# Creating a Panel of Normals (PoN) for Exomes
"Somatic" variants that occur in a panel of normal samples can be considered sequencing artifacts. We can generate a VCF file to filter against by calling variants in normal samples that look "clean", i.e. absent of tumor contamination. We use a similar variant calling strategy as for the somatic variant calling in tumor samples
For each normal sample call variants with Strelka2
and MuTect2
.
# Strelka2
Run Manta
to seed indel calling, then run as if the normal sample is an unmatched tumor sample. Parse output with bcftools
, subsetting on variants supported by more than one alternate read.

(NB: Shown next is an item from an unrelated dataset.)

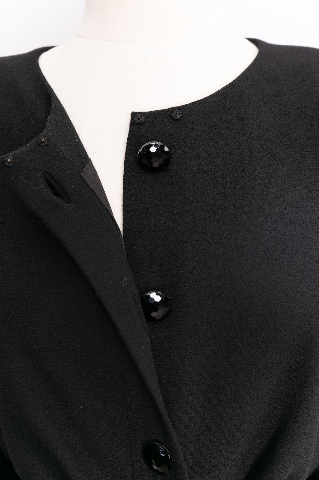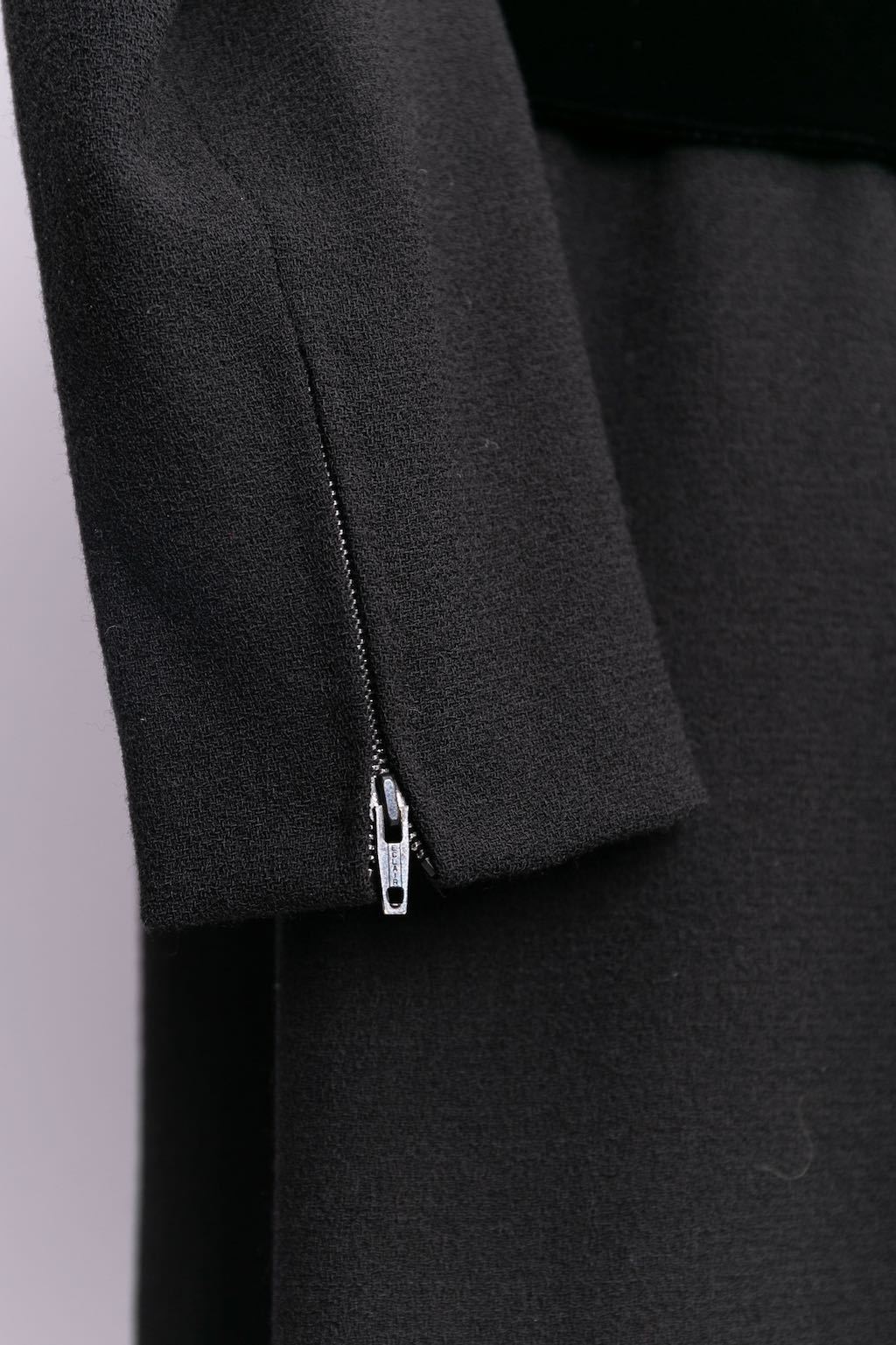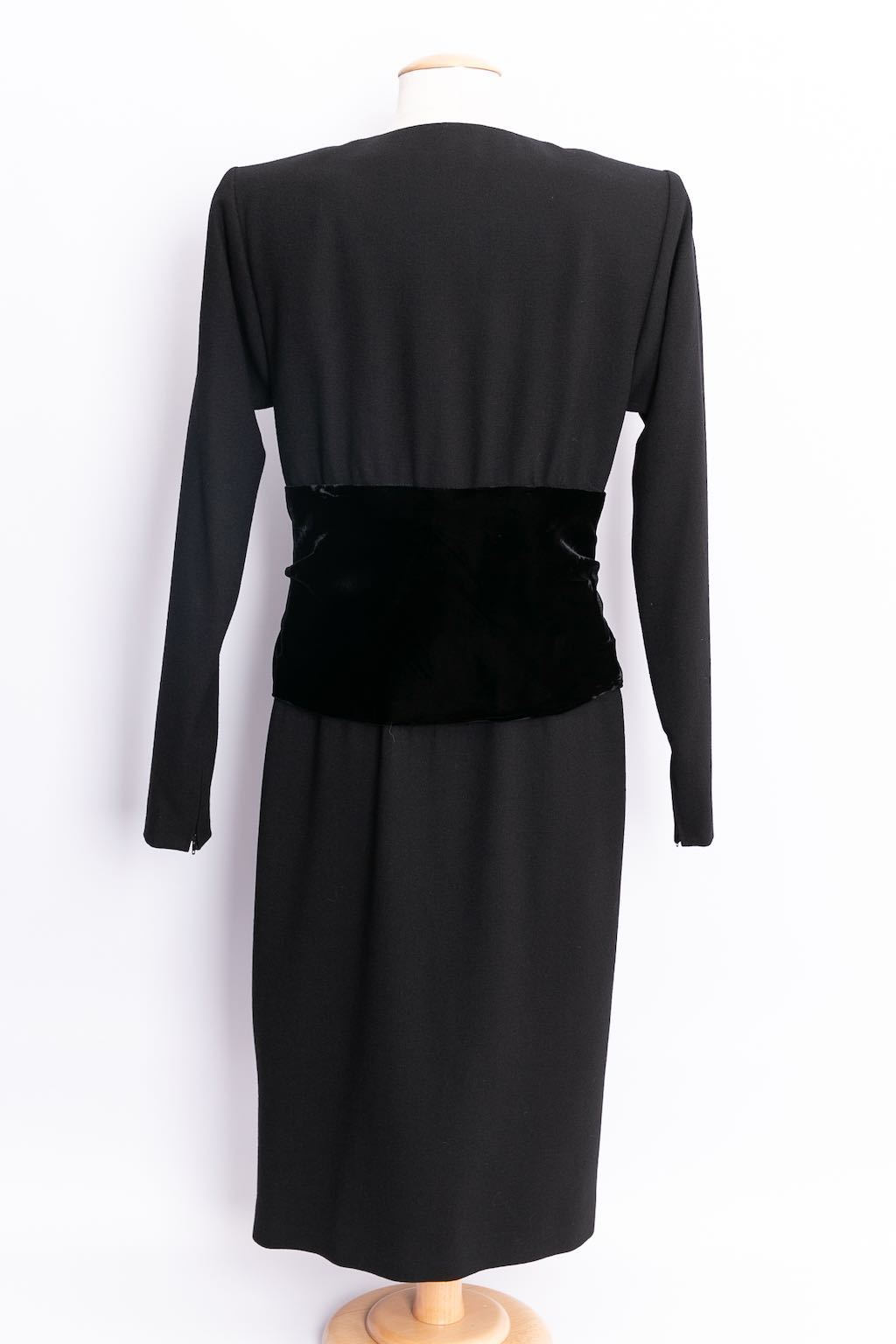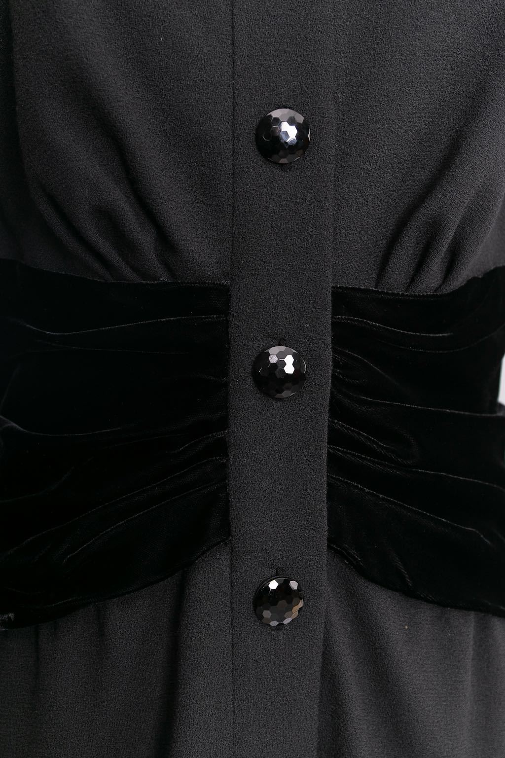 YVES SAINT LAURENT -(Bolduc 075023) Robe en étamine de laine et velours se boutonnant à l'avant. Aucune étiquette de taille ou de composition, elle correspond à une taille 36FR. Collection Haute Couture Hiver 1990

$MANTA_PATH/configManta.py \
--referenceFasta $REF \
--runDir pon/manta/$NORMAL_NAME \
--exome \
--callRegions $TARGETS
--bam $NORMAL_BAM
pon/manta/$NORMAL_NAME/runWorkflow.py --mode local
$STRELKA_PATH/configureStrelkaGermlineWorkflow.py \
--ref $REF \
--runDir mutations/pon/strelka2/$NORMAL_NAME \
--exome \
--callRegions $TARGETS \
--indelCandidates pon/manta/$NORMAL_NAME/results/variants/candidateSmallIndels.vcf.gz \
--bam $NORMAL_BAM
bcftools filter \
--include 'FORMAT/AD[0:1]>1' \
pon/strelka2/$NORMAL_NAME/results/variants/variants.vcf.gz | \
bcftools norm \
--fasta-ref $REF \
-check-ref s \
--multiallelics -both \
--output-type z \
--output pon/$NORMAL_NAME.strelka2.vcf.gz
tabix --preset vcf pon/$NORMAL_NAME.strelka2.vcf.gz
# MuTect2
MuTect2
provides a variant calling mode for normal samples. Process the output similarly to above. Fix some VCF header tags so that the files can be combined downstream. As opposed to the somatic variant calling in tumor samples, here retain any calls at multiallelic loci.
gatk Mutect2 \
--reference $REF \
--intervals $TARGETS \
--input $NORMAL_BAM \
--tumor $NORMAL_NAME \
--output pon/mutect2/$NORMAL_NAME.vcf.gz
bcftools filter \
--include 'FORMAT/AD[0:1]>1' \
pon/mutect2/$NORMAL_NAME.vcf.gz | \
sed -e 's/ID=RU,Number=1/ID=RU,Number=A/' -e 's/ID=AD,Number=R/ID=AD,Number=./' |
bcftools norm \
--fasta-ref $REF \
--check-ref s \
--multiallelics -both \
--output-type z \
--output pon/$NORMAL_NAME.mutect2.vcf.gz
tabix --preset vcf pon/$NORMAL_NAME.mutect2.vcf.gz
Now, combine all individual VCFs from all normal samples. This requires a bcftools
plugin (opens new window).
bcftools merge \
--merge none \
--output-type z \
--output pon.vcf.gz \
pon/*vcf.gz
bcftools +fill-tags pon.vcf.gz \
--output-type z \
--output pon.annot.vcf.gz \
-- --tags AC
tabix --preset vcf pon.annot.vcf.gz
Now, pon.annot.vcf.gz
is ready to use to annotate somatic variant calls from tumor samples.